Text
Zara Pfeifer
Good Street! & Du, meine konkrete Utopie
Text by Maxie Fischer
In Good Street! zeigt Zara Pfeifer eine Parallelwelt, die vom Straßenverkehr und globalen Warenströmen geprägt ist. Für die Serie begleitet sie seit 2018 LKW Fahrer auf ihren Routen durch ganz Europa und gibt Einblicke in ein Berufsfeld, das von Gegensätzen bestimmt scheint: die Geschwindigkeit des Lasters, die Weite der Autobahn, aber ein Leben und Arbeiten auf engsten Raum; der Effizienzdruck der Transport- und Logistikbranche und das langsame Verstreichen der Zeit auf einer tagelangen Fahrt; ein Job in ständiger Bewegung, der es erfordert ausdauernd und konzentriert am Steuer zu sitzen. Mit ihren Fotografien beschreibt Zara Pfeifer die alltäglichen Routinen, die körperliche Selbstdisziplin und das Bedürfnis nach Rückzug und Komfort. Im Verborgenen hingegen bleibt die Fracht, die hinter ihren Bildkompositionen verschwindet. Die Ladefläche, mal in Kolonne als opake Kuben oder als Leinwand horizontal das Bild durchdringend, wirkt gleichermaßen abstrakt wie die Mechanismen des weltweiten Kapital- und Warenverkehrs.

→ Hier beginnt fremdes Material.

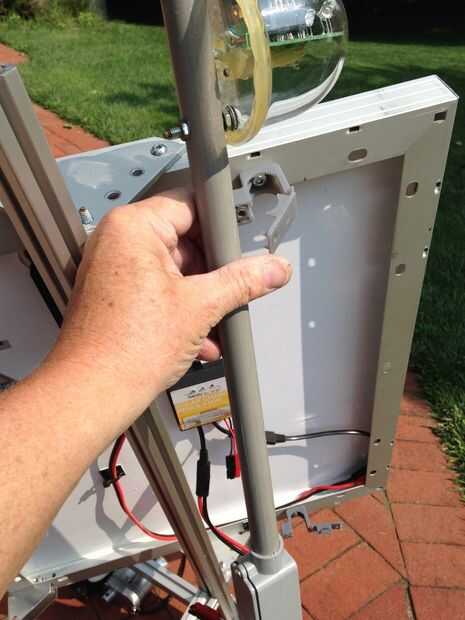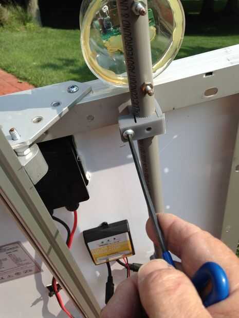 El sensor se monta en el extremo de la tubería CPVC de 1/2". El sensor tiene (4) cables, positivo de la batería, la batería menos, CW y CCW para el actuador. La caja pequeña se monta hasta el CPVC 3/4 y otro tramo corto del CPVC se extienden la parte inferior de la caja, lo suficiente para llegar a la parte inferior del marco exterior del panel solar. Este conjunto se fija al panel solar utilizando abrazaderas. Los cables se accede desde la parte inferior y salen por el lado al controlador y a la parte superior en el sensor.

Für Du, meine konkrete Utopie recherchiert Zara Pfeifer zwischen 2013 und 2017 in der Wohnsiedlung Alterlaa, eine der größten Satellitenstädte Österreichs. Diese entstand Mitte der 1970er Jahre nach den Entwürfen von Harry Glück am Stadtrand von Wien und offenbart in Gesprächen mit dort lebenden Personen eine besonders hohe Wohnzufriedenheit. Zara Pfeifer widmet sich nicht nur der äußeren Erscheinung der Terrassenblöcke mit ihren 3.200 Wohneinheiten, ihr Fokus liegt auf den Clubräumen, die ein Leben in Gemeinschaft ermöglichen sollen. Sie untersucht, inwiefern Architektur die Interaktion und Verbundenheit zwischen Menschen fördert und welche Wechselwirkungen notwendig sind, um neben den Freiluftpools auf dem Dach auch vermeintlich unattraktive und fensterlose Kellerräume mit nunmehr 32 Vereinen zu bespielen. Ihre Bilder zeigen eine ganz eigene Schönheit, die das soziale Miteinander und die vielfältigen Interessen der Bewohnerschaft ebenso widerspiegeln wie die Ideen der Moderne von Wohnkomfort, erschwinglichem Luxus in Beton mit frischer Luft, Wasser und Grün für alle.
Thematischer Ausgangspunkt für die Arbeiten von Zara Pfeifer ist das Verhältnis von Mensch und Raum. Ob Wohnkomplexe, Baustellen, Speditionsverkehr, ihr Interesse gilt baulichen und infrastrukturellen Gefügen im Großmaßstab sowie den kleinteiligen, oft unbemerkten und von Menschen ausgeführten Prozessen in diesen Großformen. In ihren Langzeitprojekten geht sie der Frage nach, inwiefern Architektur soziales Handeln in einer individuellen und gesellschaftlichen Dimension beeinflusst. Dafür fügt sich Zara Pfeifer in die Welt ein, die sie dokumentiert, nicht nur als stille Beobachterin, sondern als aktiv Beteiligte. Es ist ihr Anliegen, die räumlich-sozialen Strukturen von Innen heraus zu verstehen, Personen über längere Zeiträume zu begleiten, Veränderungen wahrzunehmen und nicht zuletzt die eigene Position als Fotografin durch ihre teilnehmende Präsenz zu relativieren. Ihre Arbeit umfasst neben der Fotografie auch Interviews sowie Video- und Tonaufnahmen. Sie hält Vorträge und initiiert Gesprächsrunden, in denen die abgebildeten Personen selbst zu Wort oder miteinander in Kontakt kommen. Auf diese Weise eröffnet Zara Pfeifer einen Diskursraum, in dem die Themen ihrer Fotografien auch über das Bildliche hinaus Resonanz finden.